» What needs to be done:
Since the pictures are not wanted, reproduce only the rest of the records, exactly as given.

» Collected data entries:

--- START ---

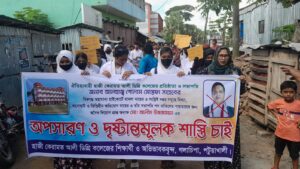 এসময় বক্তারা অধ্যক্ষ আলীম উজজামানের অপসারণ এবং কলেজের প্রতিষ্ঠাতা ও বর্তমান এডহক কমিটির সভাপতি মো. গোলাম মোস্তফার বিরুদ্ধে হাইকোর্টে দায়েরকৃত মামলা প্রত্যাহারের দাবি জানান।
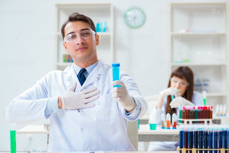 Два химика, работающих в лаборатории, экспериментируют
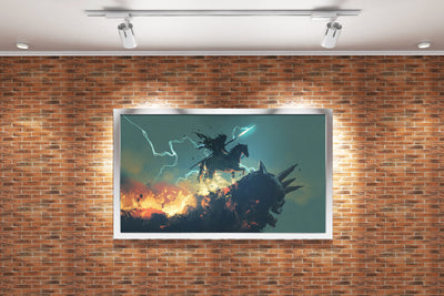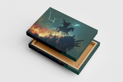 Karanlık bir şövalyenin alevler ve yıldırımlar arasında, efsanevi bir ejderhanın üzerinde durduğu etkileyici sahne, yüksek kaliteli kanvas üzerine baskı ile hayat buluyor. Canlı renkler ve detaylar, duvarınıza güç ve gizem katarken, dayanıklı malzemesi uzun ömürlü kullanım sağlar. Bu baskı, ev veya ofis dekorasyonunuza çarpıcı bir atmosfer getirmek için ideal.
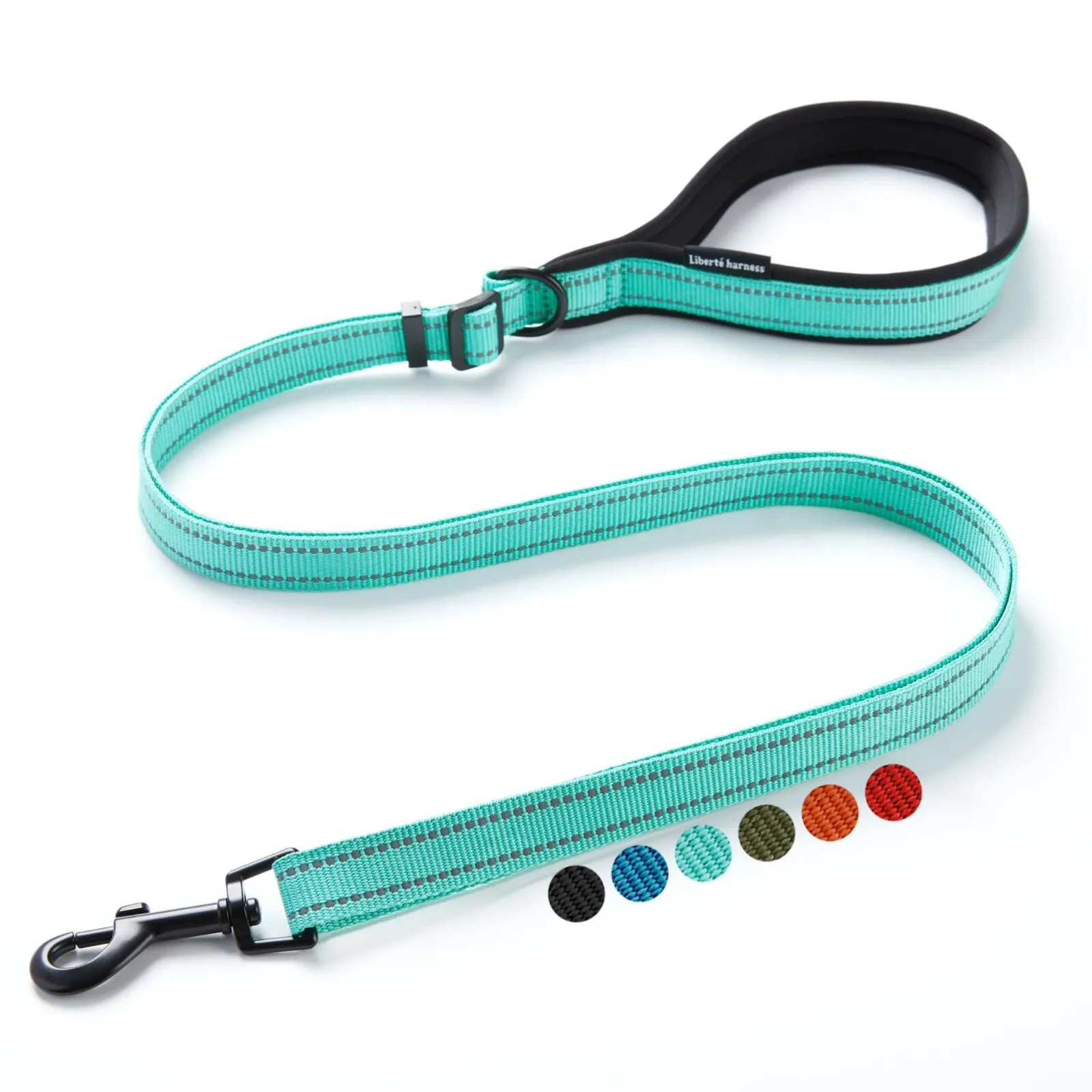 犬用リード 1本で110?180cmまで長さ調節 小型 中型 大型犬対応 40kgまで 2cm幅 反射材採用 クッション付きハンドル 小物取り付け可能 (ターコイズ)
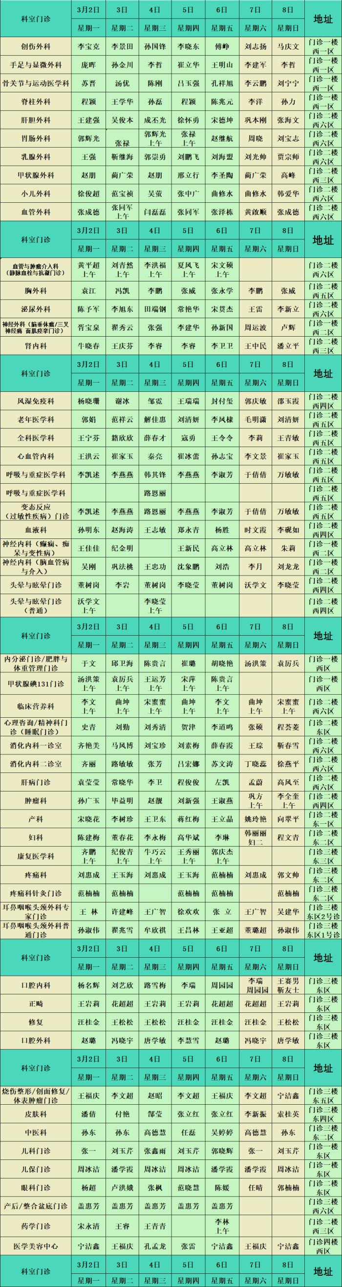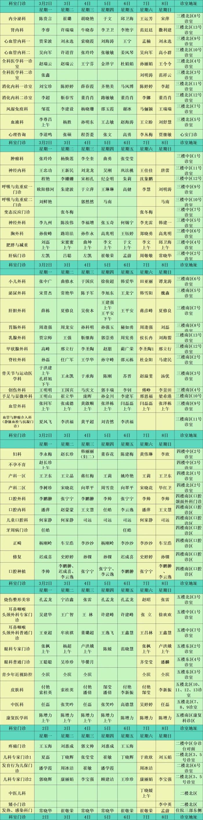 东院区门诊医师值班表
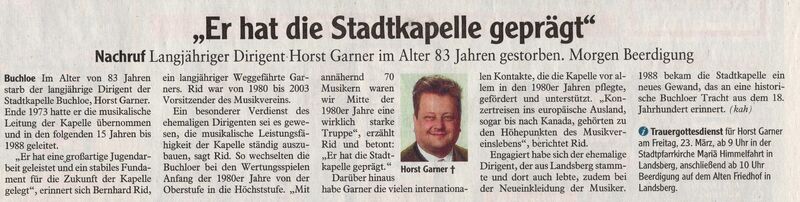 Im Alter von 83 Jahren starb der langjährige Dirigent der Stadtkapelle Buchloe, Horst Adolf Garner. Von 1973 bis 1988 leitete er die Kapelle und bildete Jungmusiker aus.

--- END ---

» Task result:
 এসময় বক্তারা অধ্যক্ষ আলীম উজজামানের অপসারণ এবং কলেজের প্রতিষ্ঠাতা ও বর্তমান এডহক কমিটির সভাপতি মো. গোলাম মোস্তফার বিরুদ্ধে হাইকোর্টে দায়েরকৃত মামলা প্রত্যাহারের দাবি জানান।
 Два химика, работающих в лаборатории, экспериментируют
 Karanlık bir şövalyenin alevler ve yıldırımlar arasında, efsanevi bir ejderhanın üzerinde durduğu etkileyici sahne, yüksek kaliteli kanvas üzerine baskı ile hayat buluyor. Canlı renkler ve detaylar, duvarınıza güç ve gizem katarken, dayanıklı malzemesi uzun ömürlü kullanım sağlar. Bu baskı, ev veya ofis dekorasyonunuza çarpıcı bir atmosfer getirmek için ideal.
 犬用リード 1本で110?180cmまで長さ調節 小型 中型 大型犬対応 40kgまで 2cm幅 反射材採用 クッション付きハンドル 小物取り付け可能 (ターコイズ)
 东院区门诊医师值班表
 Im Alter von 83 Jahren starb der langjährige Dirigent der Stadtkapelle Buchloe, Horst Adolf Garner. Von 1973 bis 1988 leitete er die Kapelle und bildete Jungmusiker aus.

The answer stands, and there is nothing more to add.